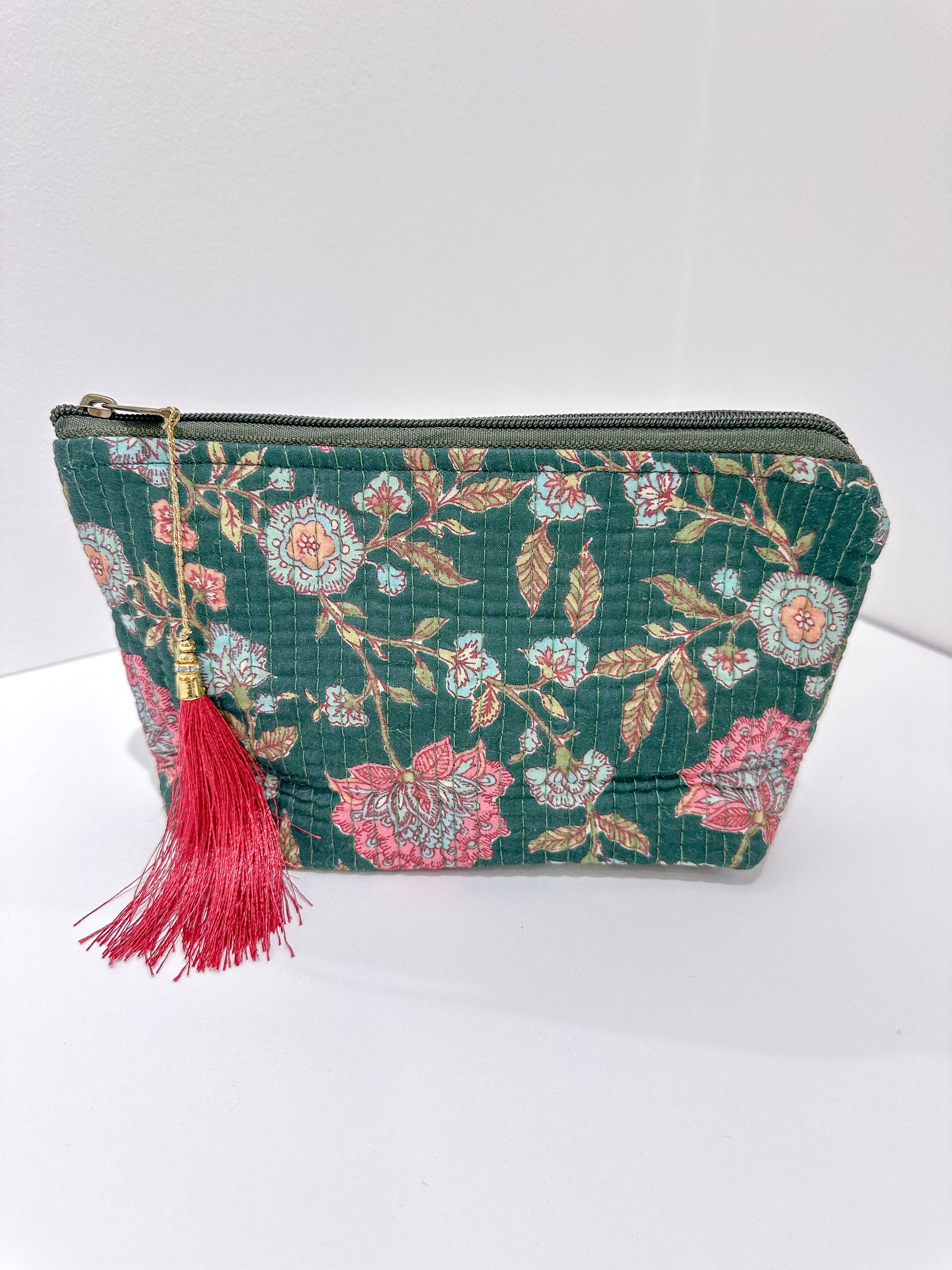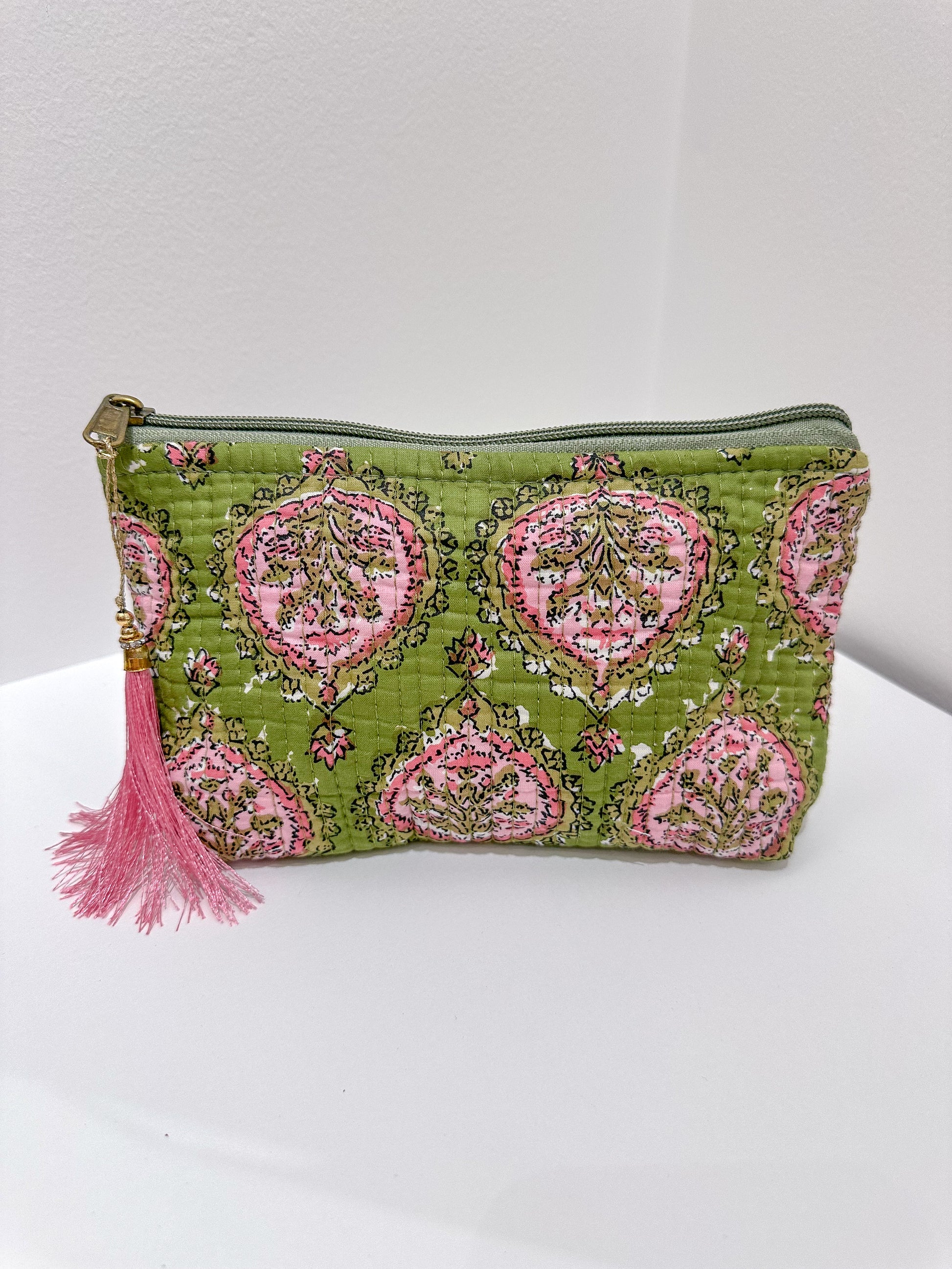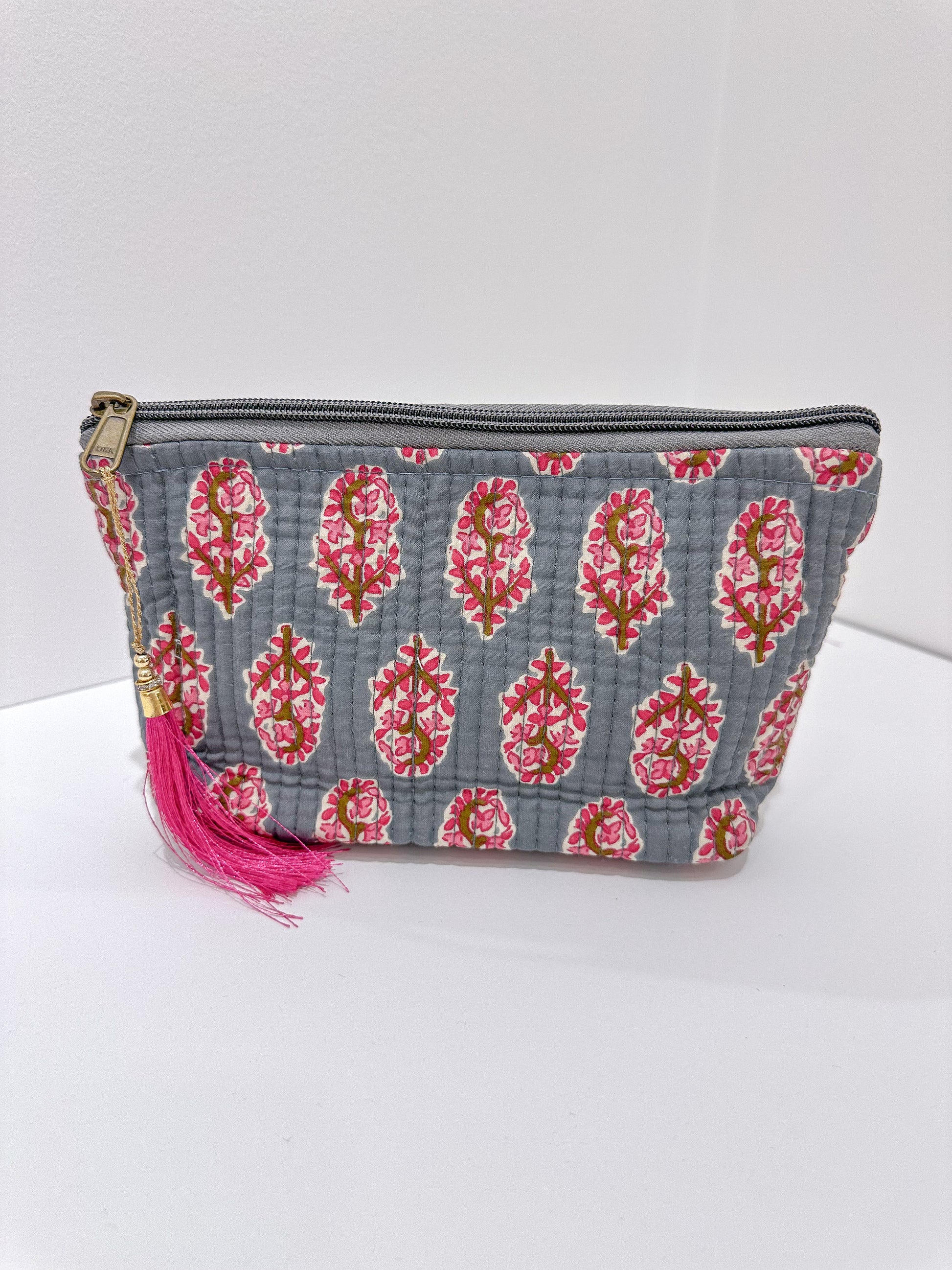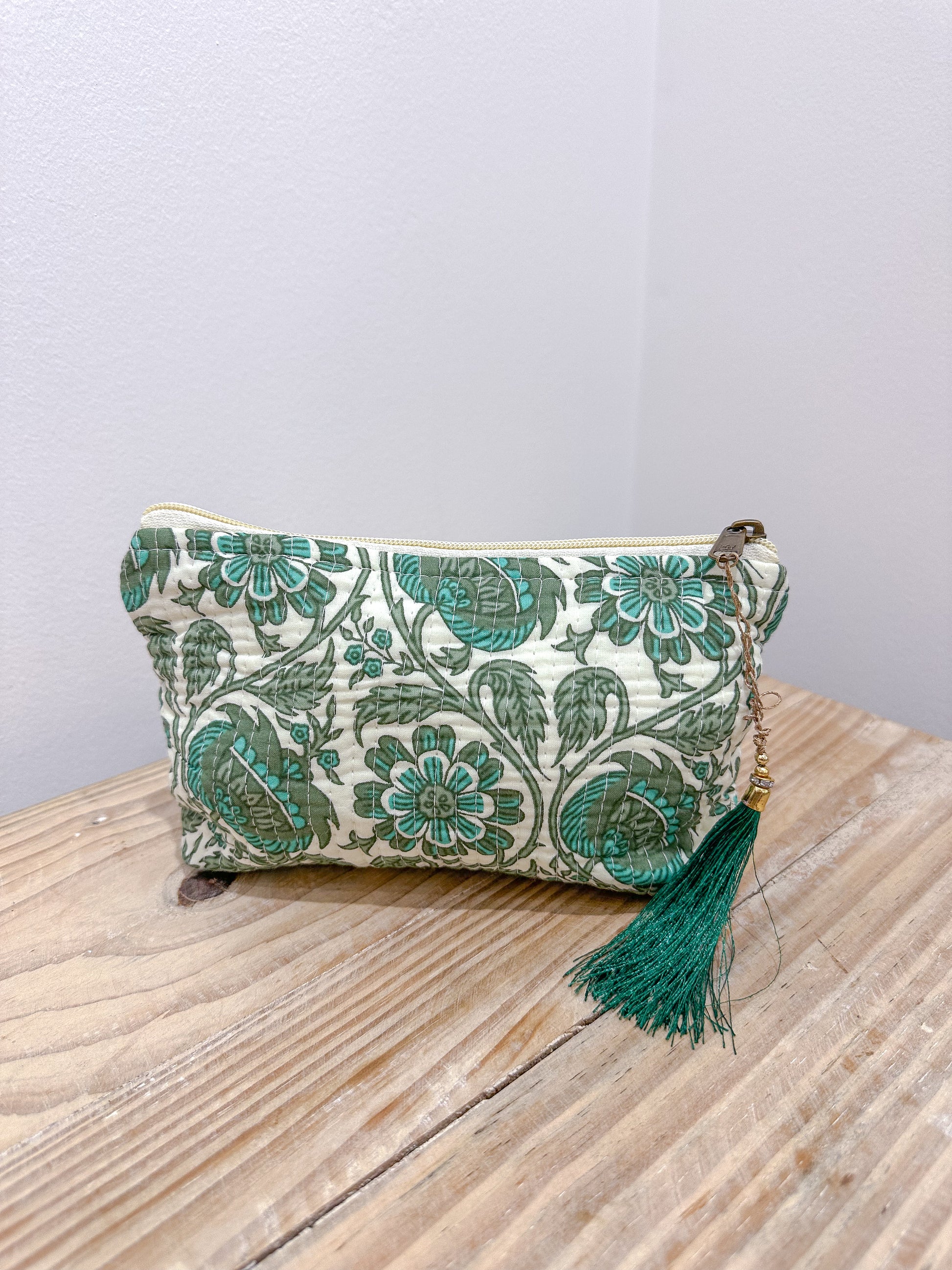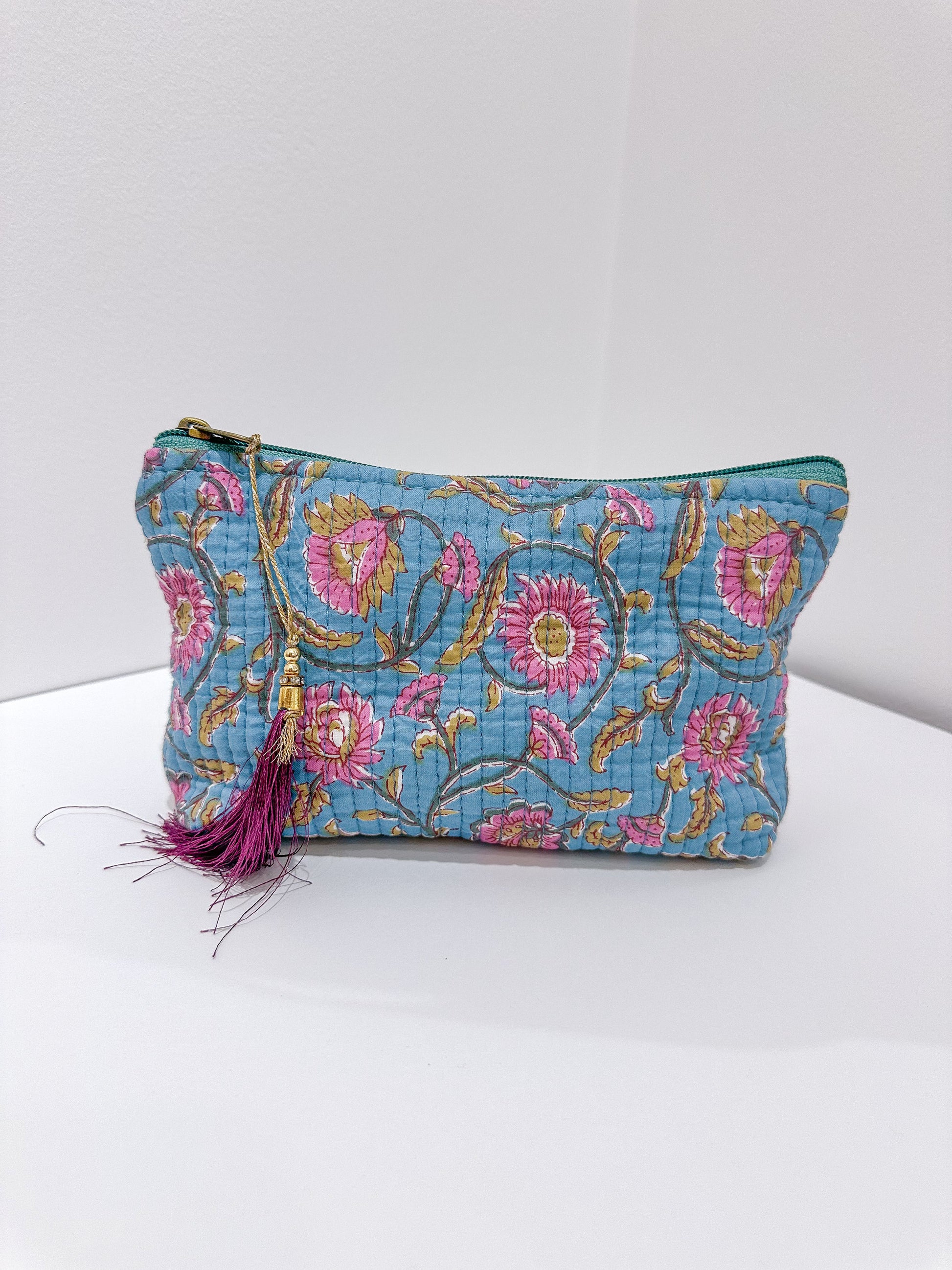 Dale un toque de encanto étnico a tu día a día con nuestro neceser con forma de trapecio y estampado de la India. Hecho a mano y con diseños únicos, reflejo de la autenticidad artesanal.
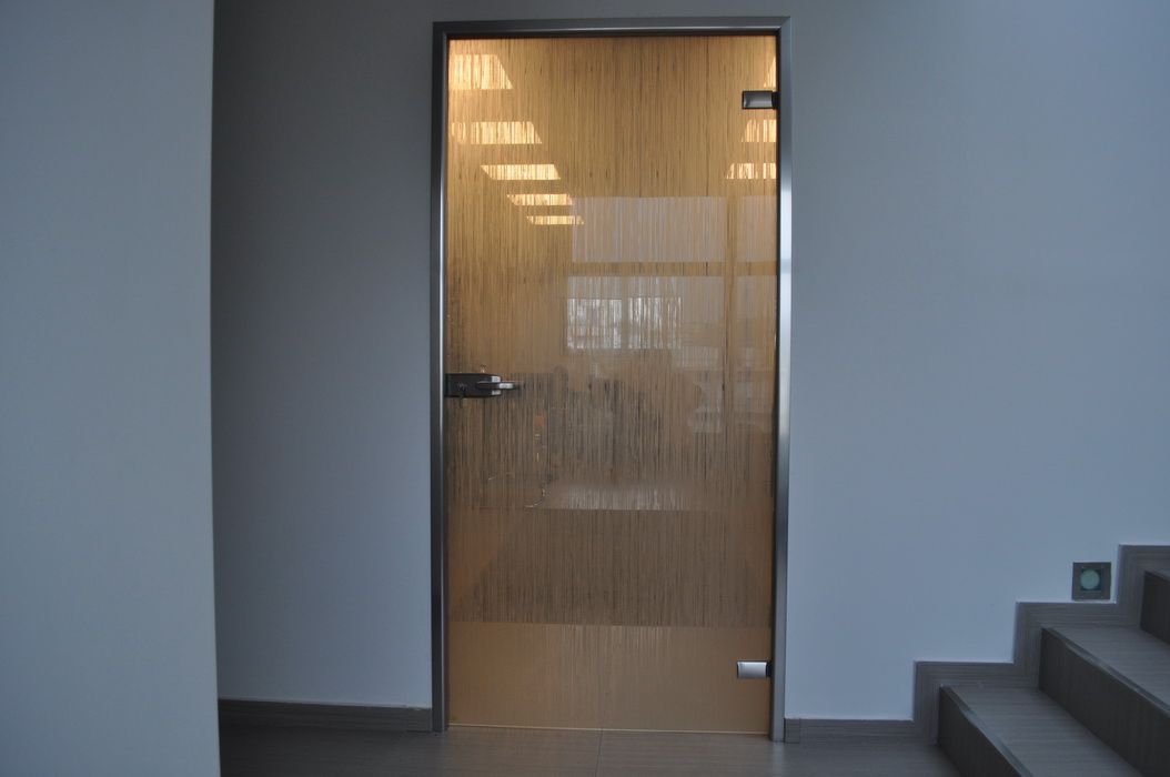 Противопожарная безрамная дверь со стеклом в БЦ в Видном
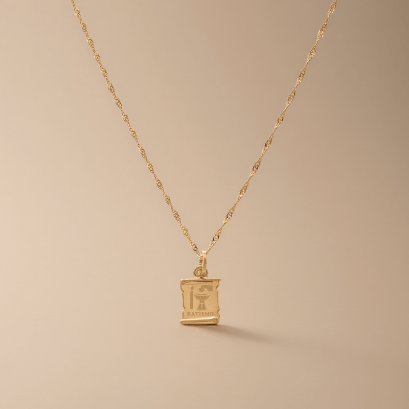 La Medalla de Bautismo, pieza central de este collar, es más que un adorno; es un símbolo de iniciación espiritual. Rica en detalles y significado, evoca la profundidad del compromiso espiritual que se celebra en el bautismo.
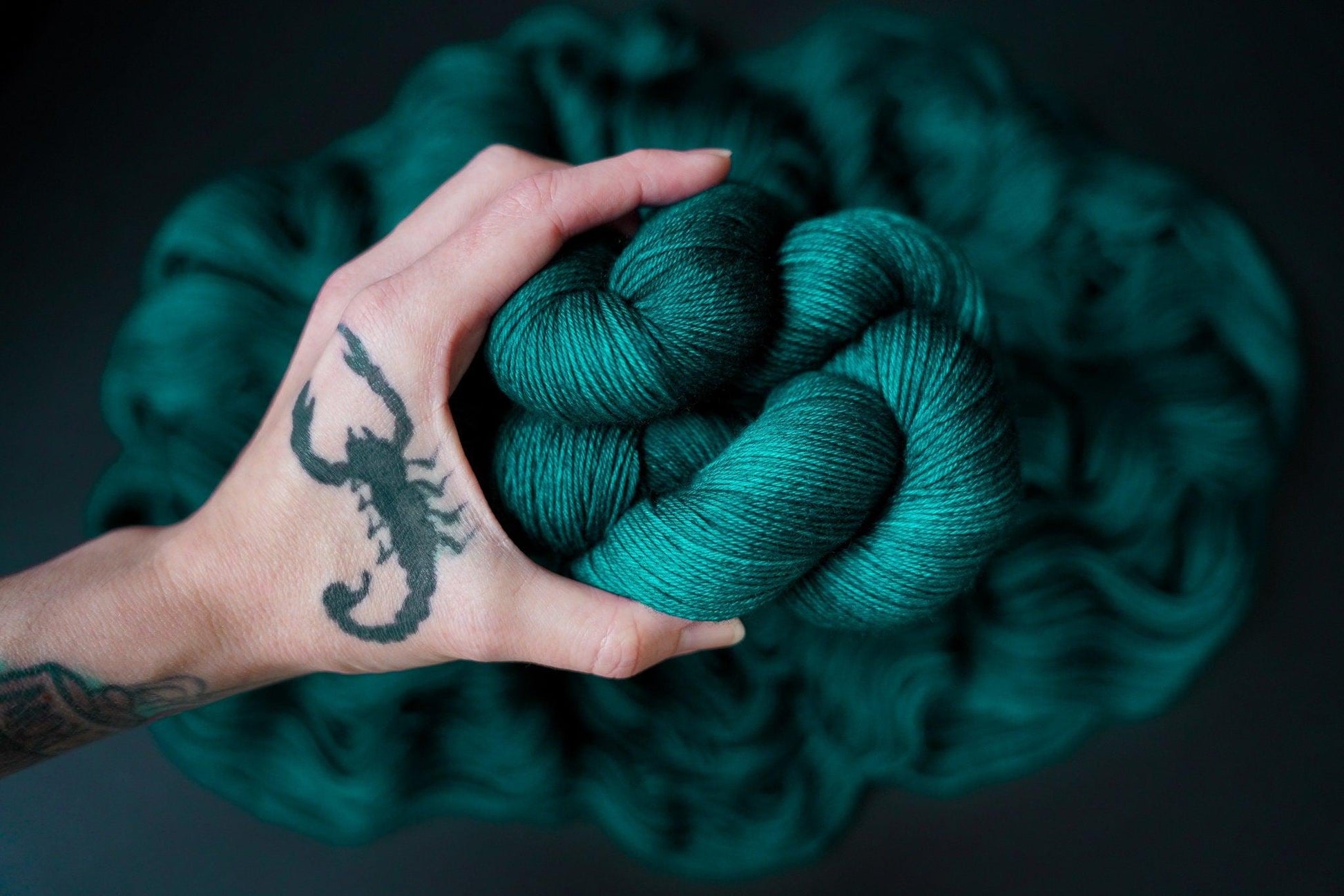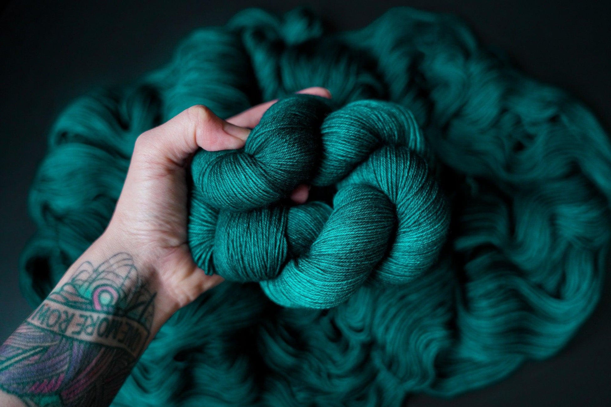 All skeins of Crow and Crescent Yarn are hand dyed with love in Shoreline, WA using high quality professional acid dyes in small batches. Each skein is unique, and dye lots vary.
- - -
EXERCISE DESCRIPTION — Give back the data verbatim. The pictures are not part of the copy.

SOLUTION TO THIS EXERCISE —
 Dale un toque de encanto étnico a tu día a día con nuestro neceser con forma de trapecio y estampado de la India. Hecho a mano y con diseños únicos, reflejo de la autenticidad artesanal.
 Противопожарная безрамная дверь со стеклом в БЦ в Видном
 La Medalla de Bautismo, pieza central de este collar, es más que un adorno; es un símbolo de iniciación espiritual. Rica en detalles y significado, evoca la profundidad del compromiso espiritual que se celebra en el bautismo.
 All skeins of Crow and Crescent Yarn are hand dyed with love in Shoreline, WA using high quality professional acid dyes in small batches. Each skein is unique, and dye lots vary.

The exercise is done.